Available data:
Start of Block

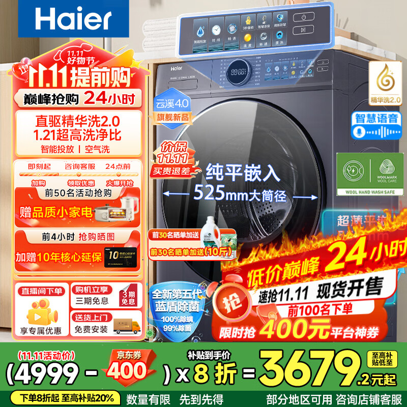 海尔(Haier)云溪洗衣机77E全自动滚筒洗衣机10kg直驱超薄洗烘一体活水精华洗羊毛绿标 以旧换新国家补贴20% 洗烘活水精华洗+1.21洗净比+蓝盾除菌+智能烘干
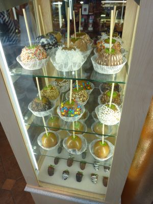 このお店は りんご丸ごとチョコレートコーティングして シュガーでデコレーションして売っています どれほどのカロリーだろうか? 思うだけで お腹一杯・・・ はい見るだけ見るだけねぇ
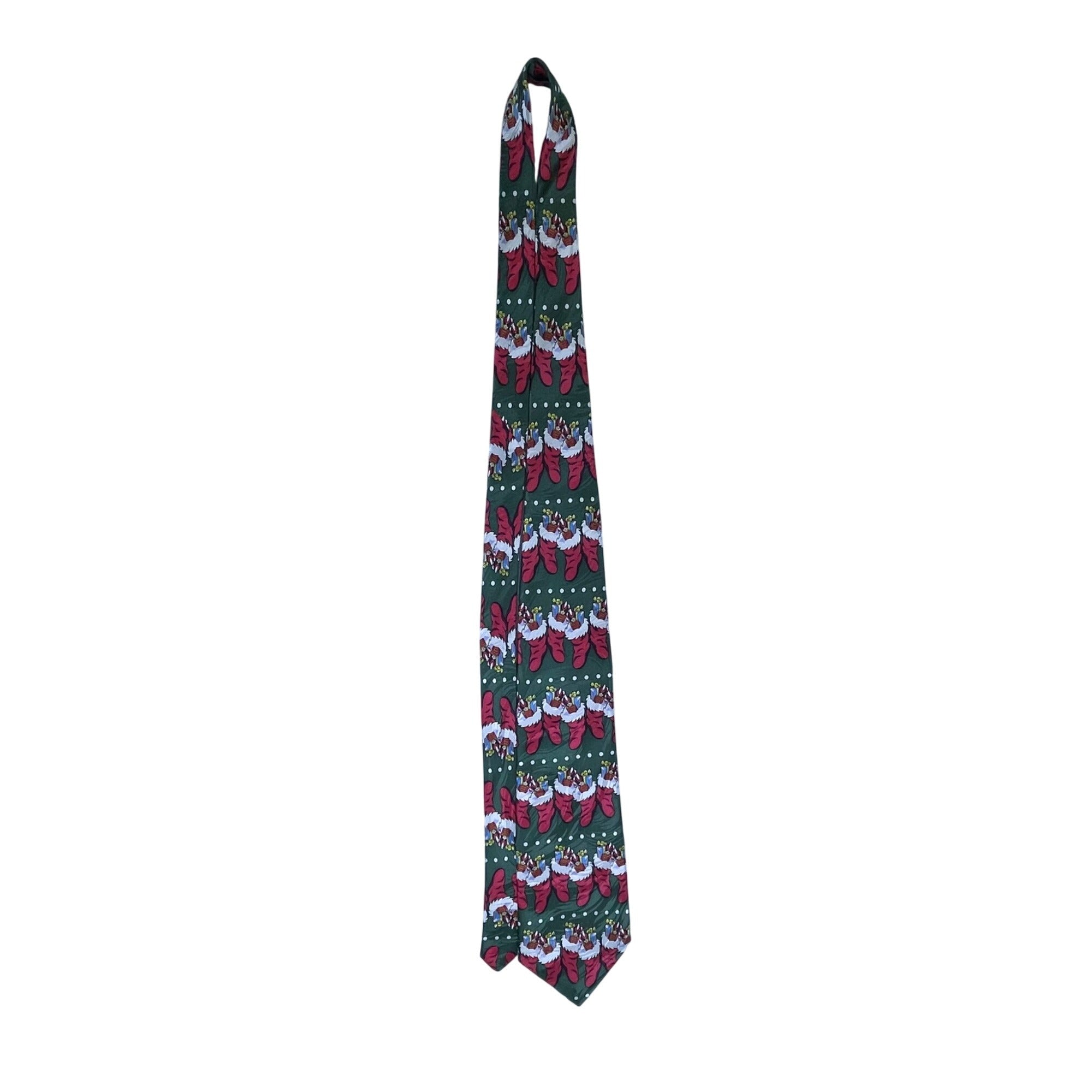 Keith Daniels Mens Green Polyester Christmas Tie Holiday Stocking Pattern
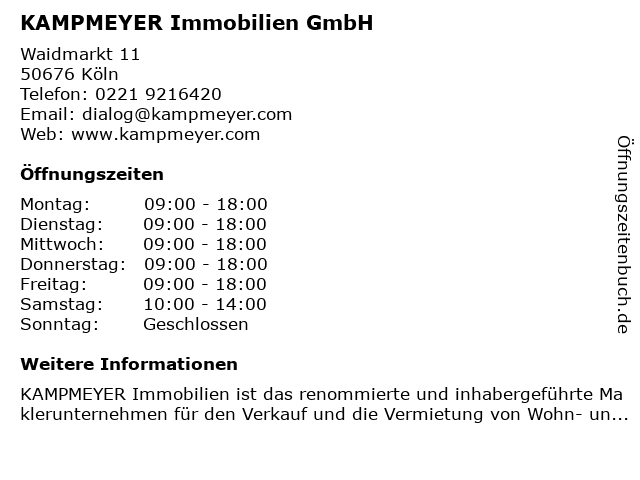 | Öffnungszeiten KAMPMEYER Immobilien GmbH in Köln anzeigen | |
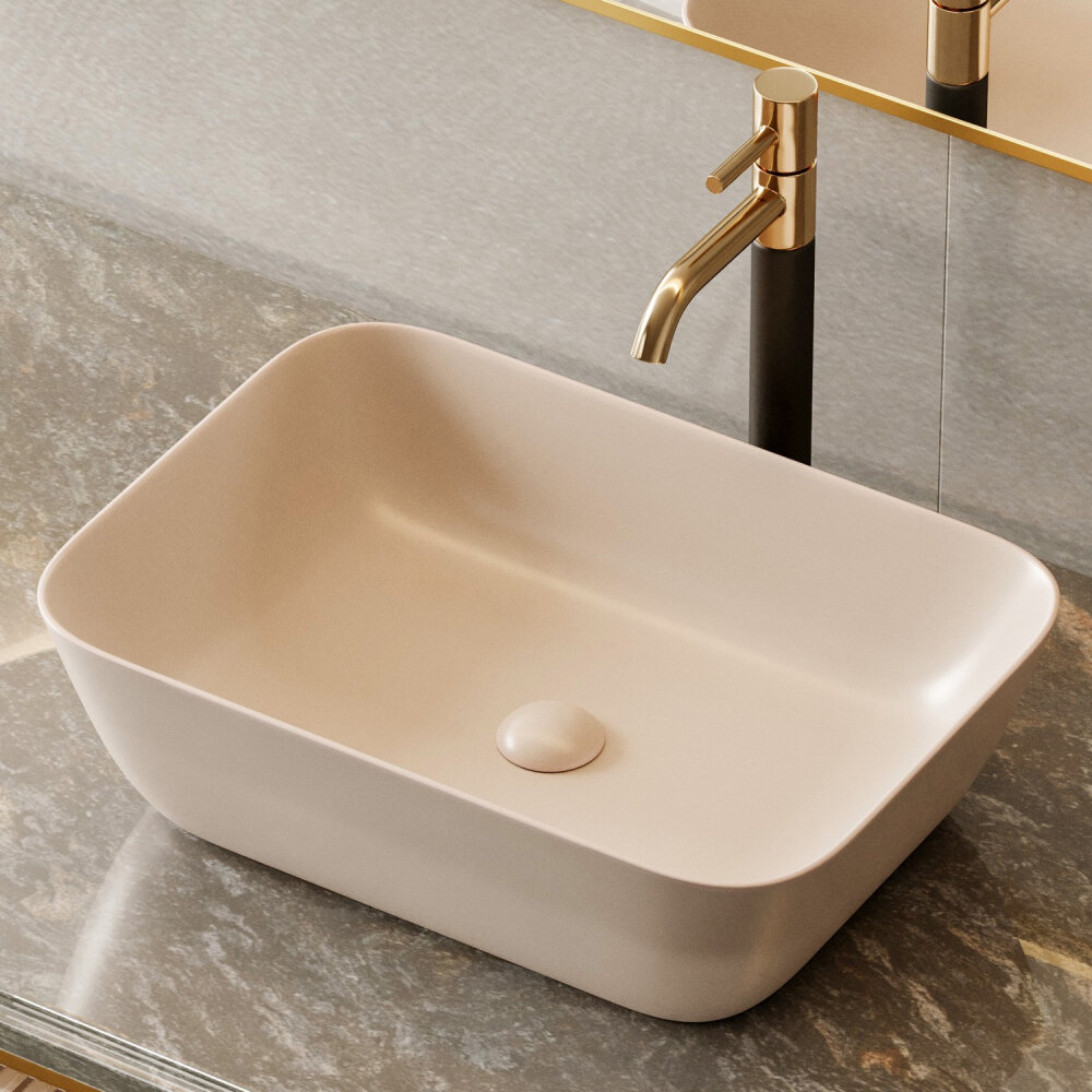 Раковина накладная прямоугольная ABBER Rechteck (AC2200MBE) светло-бежевая матовая интересное:
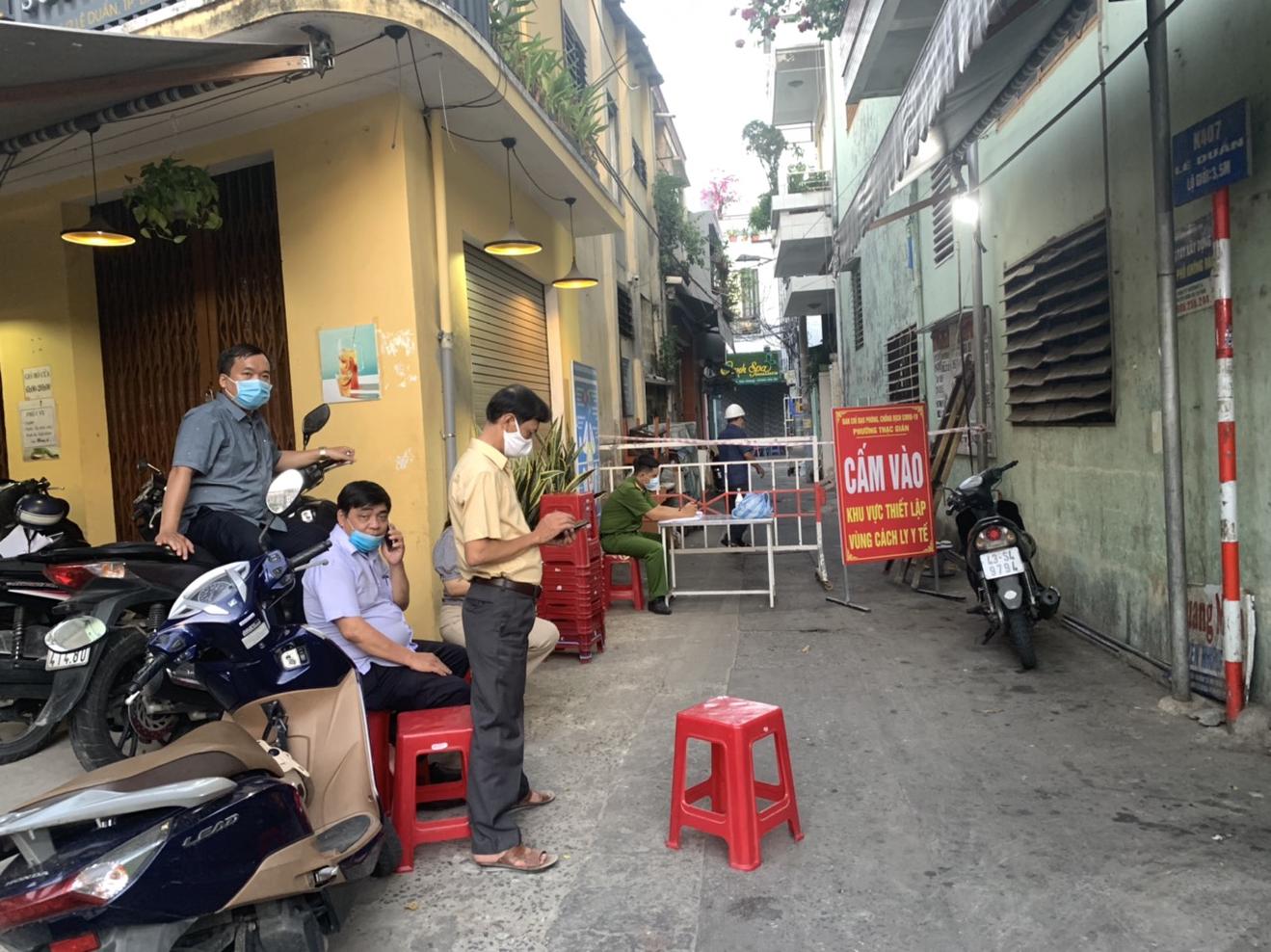 Phong tỏa y tế khu phố nơi xuất hiện ca dương tính (BN 12437). Ảnh: T.P
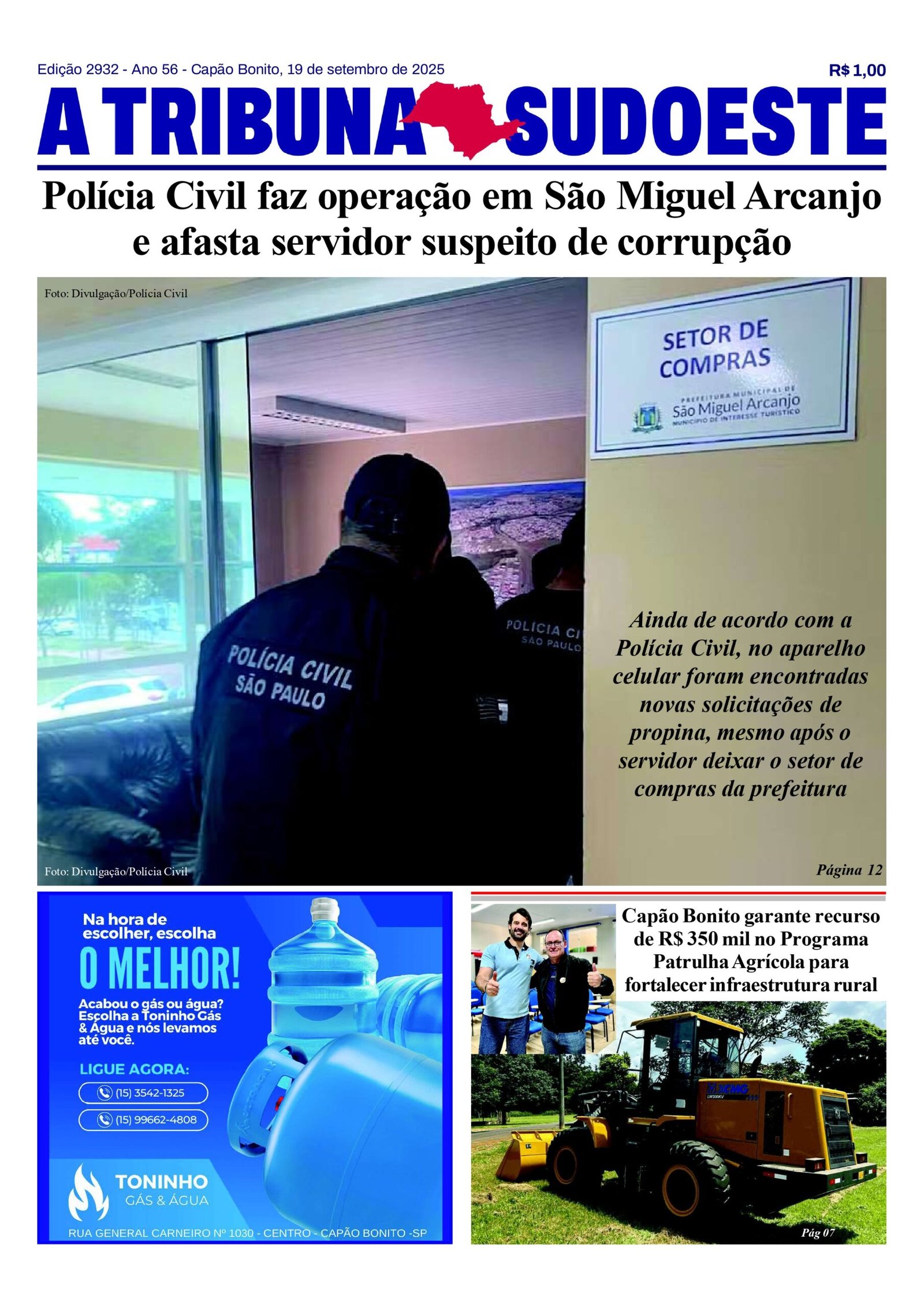 Polícia Civil faz operação em São Miguel Arcanjo e afasta servidor suspeito de corrupção
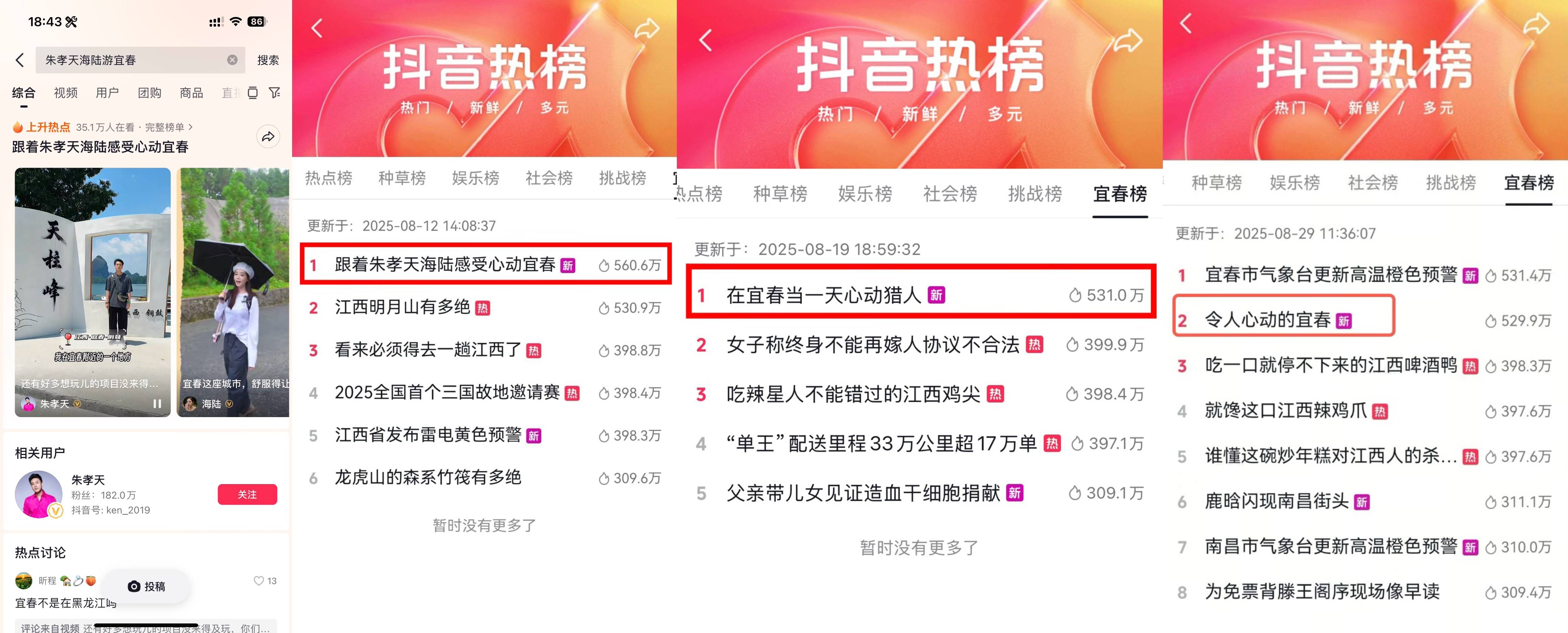 9月底,由抖音生活服务与宜春市文化旅游局联合打造的「发现宝藏小城・令人心动的宜春」主题活动正式落下帷幕。这场持续两个多月的文旅活动,以明星探店、达人种草、全民打卡为核心,成功让藏于赣西的 “宝藏小城” 宜春走进全国大众视野,更以美食、玩乐、福利与文化交织的丰富体验,成为这个夏天备受瞩目的文旅热点。

End of Block

Work instruction: Beginning with the first line of the entries above, repeat each line word for word until the line with "Polícia Civil faz" has been given too. Omit the pictures.

Solved exercise:
 海尔(Haier)云溪洗衣机77E全自动滚筒洗衣机10kg直驱超薄洗烘一体活水精华洗羊毛绿标 以旧换新国家补贴20% 洗烘活水精华洗+1.21洗净比+蓝盾除菌+智能烘干
 このお店は りんご丸ごとチョコレートコーティングして シュガーでデコレーションして売っています どれほどのカロリーだろうか? 思うだけで お腹一杯・・・ はい見るだけ見るだけねぇ
 Keith Daniels Mens Green Polyester Christmas Tie Holiday Stocking Pattern
 | Öffnungszeiten KAMPMEYER Immobilien GmbH in Köln anzeigen | |
 Раковина накладная прямоугольная ABBER Rechteck (AC2200MBE) светло-бежевая матовая интересное:
 Phong tỏa y tế khu phố nơi xuất hiện ca dương tính (BN 12437). Ảnh: T.P
 Polícia Civil faz operação em São Miguel Arcanjo e afasta servidor suspeito de corrupção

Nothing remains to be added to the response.